- DIRECTIONS FOR THIS TASK
Go through the following data and transcribe exactly the stretch of lines from the one holding "Philips Sonicare DiamondClean" to the one holding "タイヤ館富士ではそんなフロントガラスも綺麗にしちゃいますよ☆彡", both included.

────

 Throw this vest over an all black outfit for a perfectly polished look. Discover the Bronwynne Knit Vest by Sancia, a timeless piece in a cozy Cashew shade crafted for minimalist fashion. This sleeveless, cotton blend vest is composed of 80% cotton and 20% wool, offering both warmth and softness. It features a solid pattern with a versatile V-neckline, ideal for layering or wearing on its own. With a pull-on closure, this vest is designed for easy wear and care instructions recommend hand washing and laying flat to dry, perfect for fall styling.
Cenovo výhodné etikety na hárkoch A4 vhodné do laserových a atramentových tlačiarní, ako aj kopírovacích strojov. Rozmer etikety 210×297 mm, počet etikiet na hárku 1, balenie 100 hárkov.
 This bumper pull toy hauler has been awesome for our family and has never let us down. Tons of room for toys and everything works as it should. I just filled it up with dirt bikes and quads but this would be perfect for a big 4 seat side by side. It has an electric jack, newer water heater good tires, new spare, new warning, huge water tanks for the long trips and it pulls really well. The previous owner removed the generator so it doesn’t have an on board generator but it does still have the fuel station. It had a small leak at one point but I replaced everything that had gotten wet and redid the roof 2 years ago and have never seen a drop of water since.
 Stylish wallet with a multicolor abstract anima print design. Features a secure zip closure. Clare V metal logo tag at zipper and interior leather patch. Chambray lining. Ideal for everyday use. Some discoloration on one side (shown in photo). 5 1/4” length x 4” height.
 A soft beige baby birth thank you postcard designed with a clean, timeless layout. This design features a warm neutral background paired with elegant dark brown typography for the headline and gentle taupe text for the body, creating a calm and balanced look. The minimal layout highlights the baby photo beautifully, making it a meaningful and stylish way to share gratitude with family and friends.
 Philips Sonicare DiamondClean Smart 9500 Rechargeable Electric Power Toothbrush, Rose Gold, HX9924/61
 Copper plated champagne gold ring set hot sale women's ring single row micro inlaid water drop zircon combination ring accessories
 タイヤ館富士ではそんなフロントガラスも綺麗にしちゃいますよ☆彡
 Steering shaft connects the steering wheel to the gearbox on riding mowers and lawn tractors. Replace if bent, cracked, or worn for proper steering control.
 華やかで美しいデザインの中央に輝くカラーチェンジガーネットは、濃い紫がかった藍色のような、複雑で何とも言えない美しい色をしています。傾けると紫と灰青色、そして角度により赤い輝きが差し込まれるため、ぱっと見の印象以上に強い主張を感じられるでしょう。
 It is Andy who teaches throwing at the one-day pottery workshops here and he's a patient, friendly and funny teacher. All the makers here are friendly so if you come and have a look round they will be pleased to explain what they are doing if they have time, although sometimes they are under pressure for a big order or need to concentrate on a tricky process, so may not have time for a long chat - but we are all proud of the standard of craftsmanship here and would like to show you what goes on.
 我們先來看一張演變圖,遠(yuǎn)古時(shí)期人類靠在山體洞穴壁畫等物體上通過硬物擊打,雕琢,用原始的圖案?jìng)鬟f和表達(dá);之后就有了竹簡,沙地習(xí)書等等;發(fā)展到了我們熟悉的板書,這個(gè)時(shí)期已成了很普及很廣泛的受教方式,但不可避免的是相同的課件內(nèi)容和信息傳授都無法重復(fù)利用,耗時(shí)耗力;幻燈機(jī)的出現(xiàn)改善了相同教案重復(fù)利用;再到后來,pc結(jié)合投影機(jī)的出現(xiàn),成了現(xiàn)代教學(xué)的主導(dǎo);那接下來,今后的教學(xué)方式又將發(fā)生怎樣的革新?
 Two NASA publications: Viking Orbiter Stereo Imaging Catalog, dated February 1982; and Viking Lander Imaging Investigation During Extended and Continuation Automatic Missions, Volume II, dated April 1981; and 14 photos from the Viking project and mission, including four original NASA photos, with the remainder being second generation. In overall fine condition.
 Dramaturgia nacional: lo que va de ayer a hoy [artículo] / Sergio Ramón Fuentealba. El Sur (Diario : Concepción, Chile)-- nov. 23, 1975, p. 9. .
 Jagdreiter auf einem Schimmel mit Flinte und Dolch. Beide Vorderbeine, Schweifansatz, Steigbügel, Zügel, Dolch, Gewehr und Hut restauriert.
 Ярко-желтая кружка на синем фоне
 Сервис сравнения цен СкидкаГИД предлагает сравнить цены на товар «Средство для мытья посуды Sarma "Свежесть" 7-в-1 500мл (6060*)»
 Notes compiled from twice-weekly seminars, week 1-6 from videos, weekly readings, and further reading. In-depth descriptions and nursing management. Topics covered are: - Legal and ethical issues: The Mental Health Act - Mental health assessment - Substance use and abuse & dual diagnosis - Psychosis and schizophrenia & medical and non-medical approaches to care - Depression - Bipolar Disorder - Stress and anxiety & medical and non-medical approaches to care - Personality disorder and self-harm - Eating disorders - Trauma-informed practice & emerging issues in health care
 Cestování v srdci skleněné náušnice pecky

────

- RESPONSE FOR THIS EXERCISE
 Philips Sonicare DiamondClean Smart 9500 Rechargeable Electric Power Toothbrush, Rose Gold, HX9924/61
 Copper plated champagne gold ring set hot sale women's ring single row micro inlaid water drop zircon combination ring accessories
 タイヤ館富士ではそんなフロントガラスも綺麗にしちゃいますよ☆彡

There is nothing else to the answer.